## About this exercise
Your output should be everything below from the line containing "Несколько тысяч активистов" down to the line containing "Researchers develop a", both ends included, copied exactly, with pictures left out.

## Task inputs
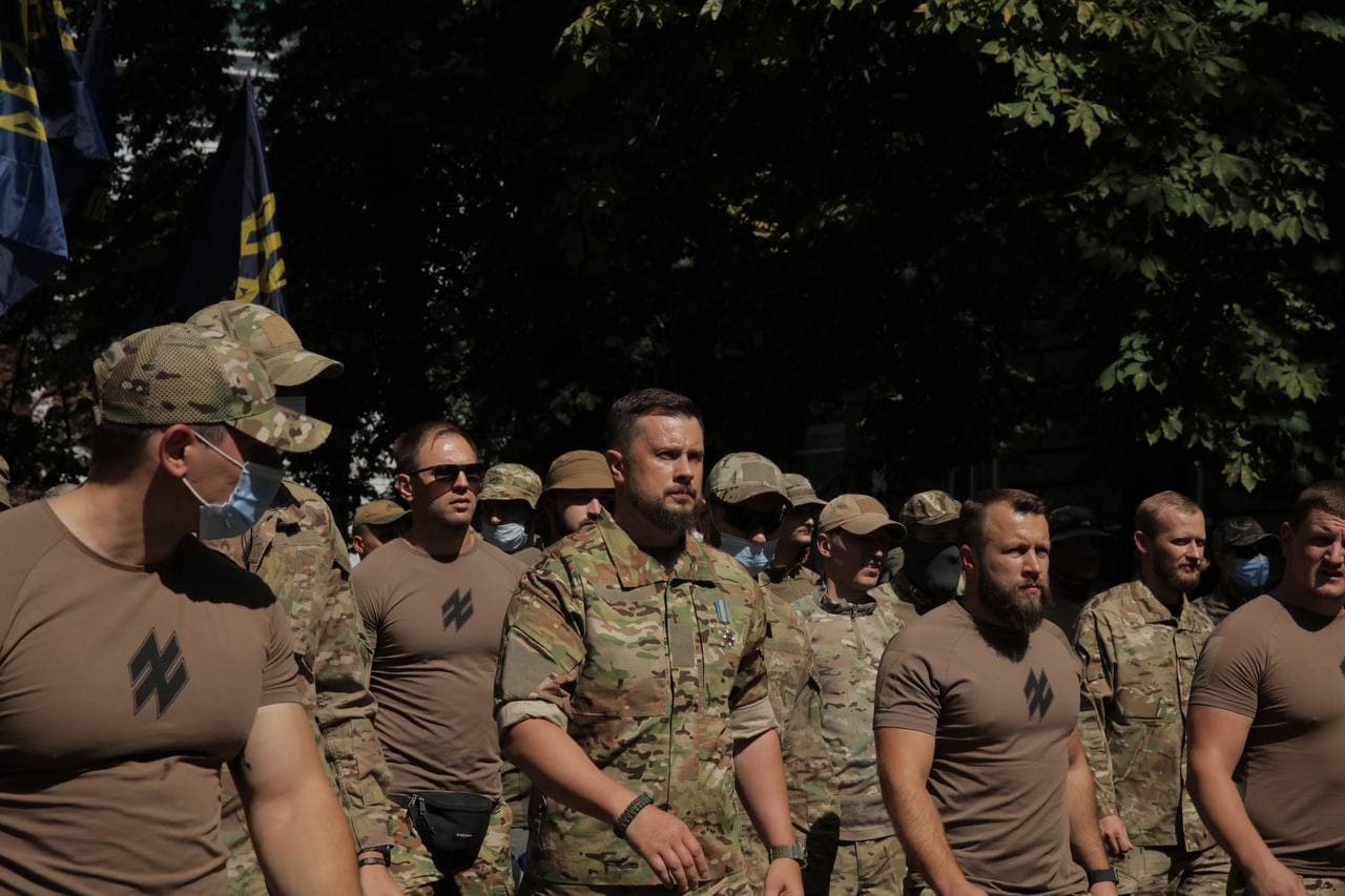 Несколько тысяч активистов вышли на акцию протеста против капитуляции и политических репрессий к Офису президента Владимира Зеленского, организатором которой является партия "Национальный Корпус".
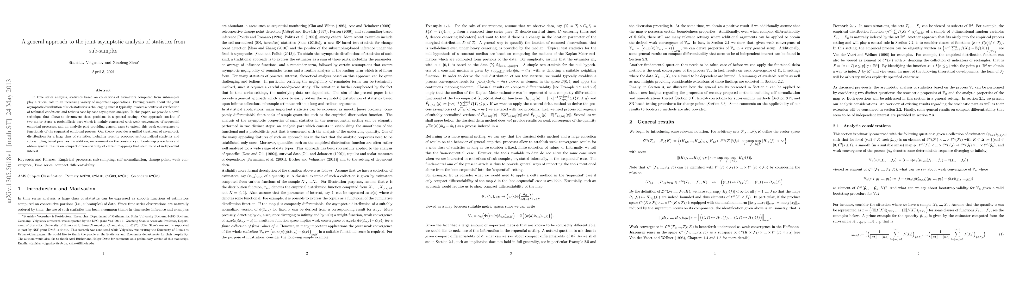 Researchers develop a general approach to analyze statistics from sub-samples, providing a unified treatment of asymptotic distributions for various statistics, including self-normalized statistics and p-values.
* * *
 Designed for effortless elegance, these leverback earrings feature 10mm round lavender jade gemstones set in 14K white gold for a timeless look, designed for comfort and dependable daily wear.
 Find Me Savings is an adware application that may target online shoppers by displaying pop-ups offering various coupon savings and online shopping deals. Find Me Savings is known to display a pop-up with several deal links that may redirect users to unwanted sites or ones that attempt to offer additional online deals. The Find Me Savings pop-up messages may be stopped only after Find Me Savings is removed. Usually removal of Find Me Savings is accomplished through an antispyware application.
...
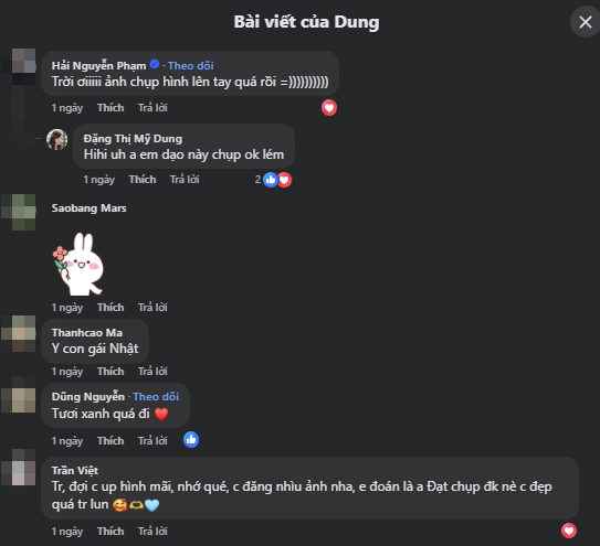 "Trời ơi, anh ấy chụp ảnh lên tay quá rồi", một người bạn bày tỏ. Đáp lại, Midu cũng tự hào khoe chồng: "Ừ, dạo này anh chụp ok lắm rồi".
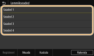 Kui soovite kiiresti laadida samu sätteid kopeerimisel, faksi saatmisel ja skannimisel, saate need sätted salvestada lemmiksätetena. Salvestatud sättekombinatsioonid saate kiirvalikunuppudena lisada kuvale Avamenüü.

## Response area
 Несколько тысяч активистов вышли на акцию протеста против капитуляции и политических репрессий к Офису президента Владимира Зеленского, организатором которой является партия "Национальный Корпус".
 Researchers develop a general approach to analyze statistics from sub-samples, providing a unified treatment of asymptotic distributions for various statistics, including self-normalized statistics and p-values.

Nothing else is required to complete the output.